Riley Gaines tells online LGBTQ newspaper to ‘lawyer up’ following wild library incident, bomb threat

Champion swimmer and women’s advocate Riley Gaines told an online LGBTQ newspaper to “lawyer up” after the outlet claimed the athlete’s “anti-trans harassment on social media” was “linked” to a bomb threat made against a California library on Monday.

“This is libel & character assassination,” Gaines told Pink News on Thursday. “You are the only one inciting violence & outrage by this post, but I understand that’s the goal. Did you not learn anything from the last time you were sued?”

“Don’t worry about changing the article, it’s already been screenshotted,” Gaines added. “Lawyer up.”

It all began with a meeting hosted at the Mary L. Stephens public library in Davis, California, by the Yolo country chapter of Moms for Liberty, a conservative advocacy group committed to “fighting for the survival of America by unifying, educating and empowering parents to defend their parental rights at all levels of government.”

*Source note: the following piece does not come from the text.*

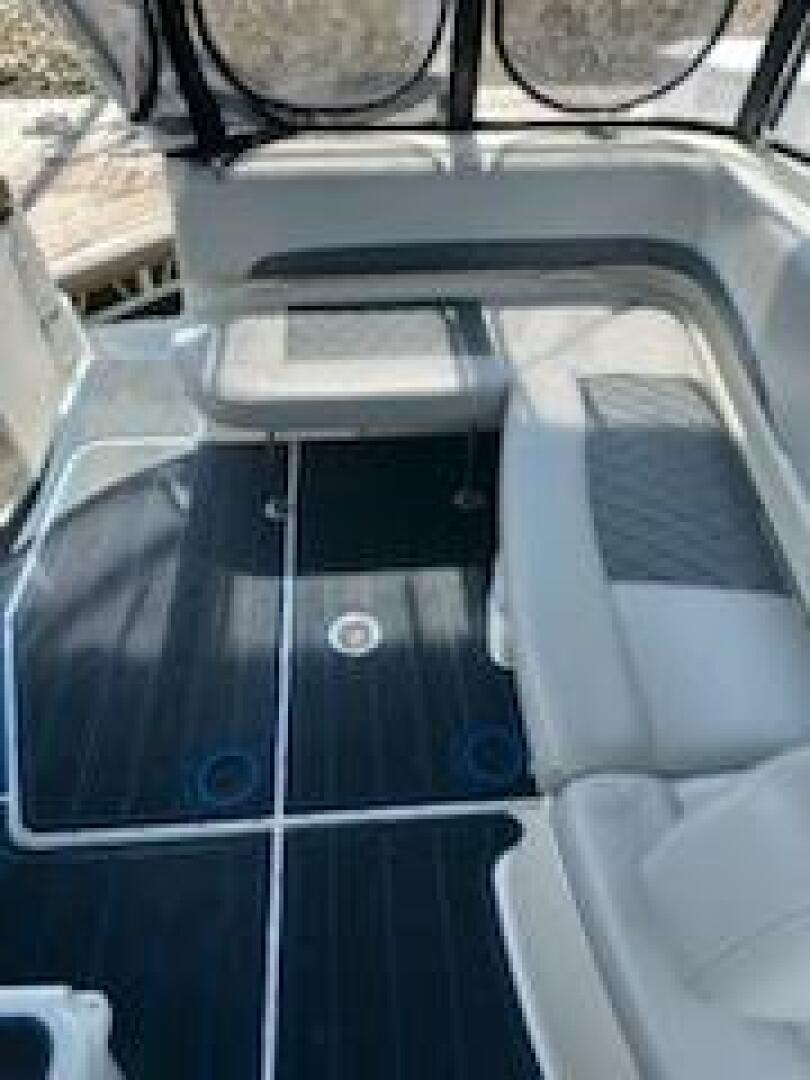 The Bayliner 320 makes it easy to have fun on your terms, with multiple layouts to choose from. The private aft berth in the cabin can be complemented with massive convertible wraparound seating for entertaining, or a fixed forward berth option if nights aboard for a second couple are a priority. The expansive cockpit is easy to navigate with an open floor plan, and a rotating helm seat and optional port lounge bolster provide seating options. Twin fuel-injected Mercury engines ensure that you can take the fun wherever you want to go.

A librarian shut the crowded meeting down just a few minutes into the presentation, “after the first speaker referred to transgender athletes playing in women’s sports as male,” Students First California co-founder Jonathan Zachreson reported on X.

“Earlier, the librarian suggested it was against state law to misgender someone or a group of people,” Zachreson continued. “That was his basis for kicking them out of the public library, making it impossible to talk about the problem of biological males competing in female sports.”

“Note, the library allowed the transactivists to harass and interrupt the organizers and speakers, but the moment @SophiaSLorey supposedly ‘misgenders’ a hypothetical person, he shuts the program down,” he pointed out in a later post.

“I guess they don’t #LetWomenSpeak in Davis, CA,” Zachreson concluded.

The California Family Council account also posted video of the surreal scene — a post that Gaines re-posted.

“This is ridiculous, but not shocking….a female athlete silenced for calling a spade a spade,” Gaines remarked. “They won’t even engage in a civil conversation. Props to this gal for sticking her ground.”

“Do we know the librarian’s name and/or phone number?” Gaines asked her X followers. “We need silent majority to do its thing.”

In follow-up posts, Gaines urged her followers to call the library in protest of the librarian’s actions, adding that they should “leave a Google review as well.”

In doing that, Gaines stoked “outrage” among “anti-trans activists” who then, Pink News suggested, made “the threatening phone call” to the library.

And Pink News wasn’t the only one desperate to blame Gaines for the bomb threat, which authorities later “deemed fake,” according to CBS News.

Pink News cited in its article Media Matters’ LGTBQ reporter Ari Drennen, who also tried to make those dots connect.

“A library asked a group repeatedly misgendering trans athletes to leave. At 9am the next day, Riley Gaines shared the librarian’s name and phone number with her 700,000 followers,” Drennen posted on X. “The library received its 1st bomb threat by 3pm.”

Drennen also tried to blame the popular Libs of TikTok for two bomb threats in Tulsa.

“This is part of a predictable and troubling pattern,” Drennen said, “a Tulsa elementary school received two bomb threats yesterday after a post by Libs of TikTok.”